Sheldon Richman said...

Tushar, if you are being ironic, I apologize, but I can't be sure. If you think the "progressives" have answered Steve, you missed his point. Without free markets, true prices, and profit-loss, the experts can't know what they need to know to do their jobs properly. This is merely an application of the Mises-Hayek socialist-calculation critique.

Tushar said...

Yes Sheldon I'm of course aware of the whole calculation debate. But this isn't a theoretical point. Like I said I accept all these arguments as a libertarian. However, the so-called 'progressives' have simply brought up comparative effectiveness councils, like the ones in Britain, and since that system looks (broadly) to be working, we need to go beyond merely the theoretical point about price calculations, and forcefully prove what effect these councils and/or other socialized medicine policies will have.

D. Saul Weiner said...

Tushar,

Comparative effective councils are just another socialist panacea, much like the testing in No Child Left Behind. Our experts will test, so that all will be held to a certain standard.

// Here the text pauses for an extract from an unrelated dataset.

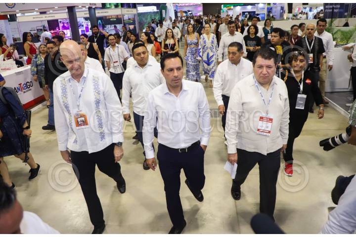 MÉRIDA, YUCATÁN, 09JULIO2024.- Ricard Zapatero, director de Negocio Internacional de Fira de Barcelona; Mauricio Vila Dosal, gobernador de Yucatán, y Manuel Redondo, presidente de Prunus, recorren el Smart City Expo LATAM Congress 2024, que se realizará del 09 al 11 de julio, en el Centro de Convenciones Yucatán Siglo XXI. FOTO: MARTIN ZETINA/CUARTOSCURO.COM
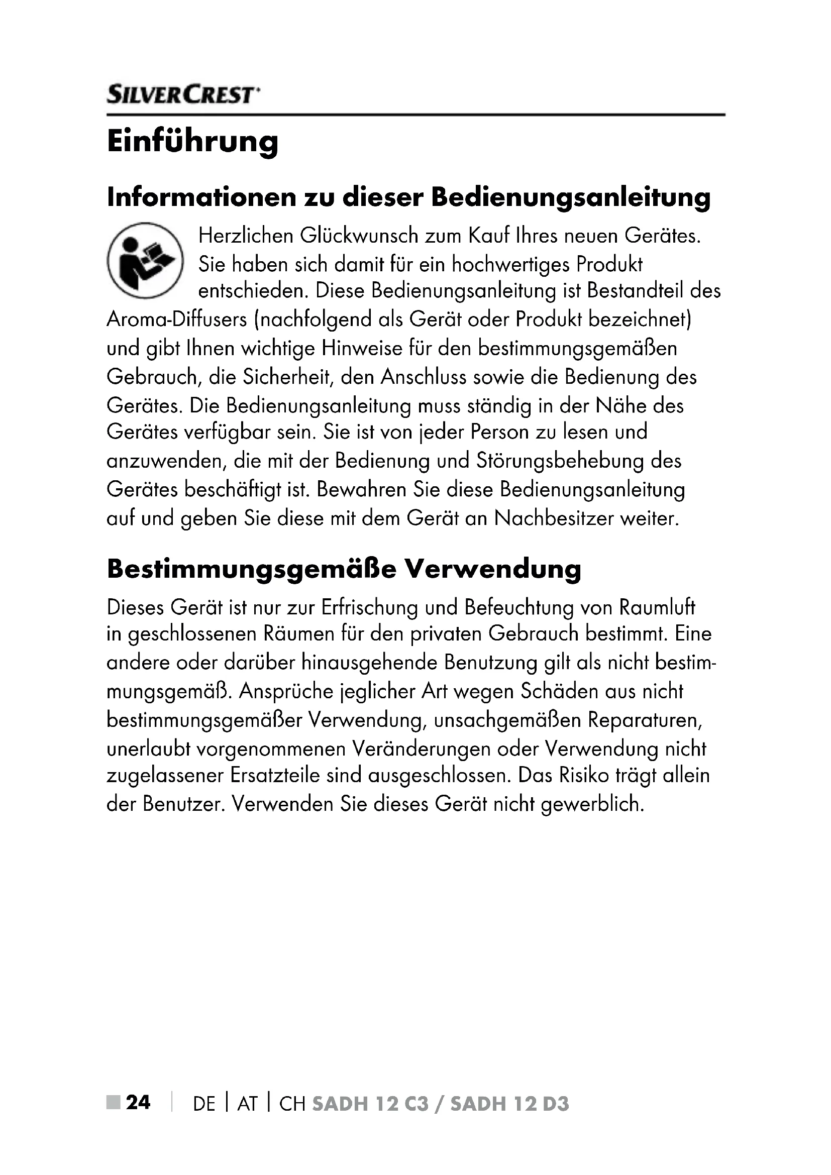 SADH 12 D3 - Aromadiffusor SILVERCREST - Kostenlose Bedienungsanleitung

You say that these councils appear to be working. But how can we make that determination? Is it based on satisfaction surveys? I am sure that most of Bernie Madoff's clients were highly satisfied ... until his Ponzi scheme blew up. Most people are satisfied with Social Security and Medicare ... does that mean these are working or are people just getting while the getting's good? The bottom line is that, in a mixed economy, failing institutions like public schools and socialized health care can be subsidized and supported for long periods of time, provided they have not yet overwhelmed the productive sectors of the economy. That doesn't mean that they are working, or at least working well. It means that they are ticking time bombs which have not yet gone off or (alternately) the camel's back has not yet broken.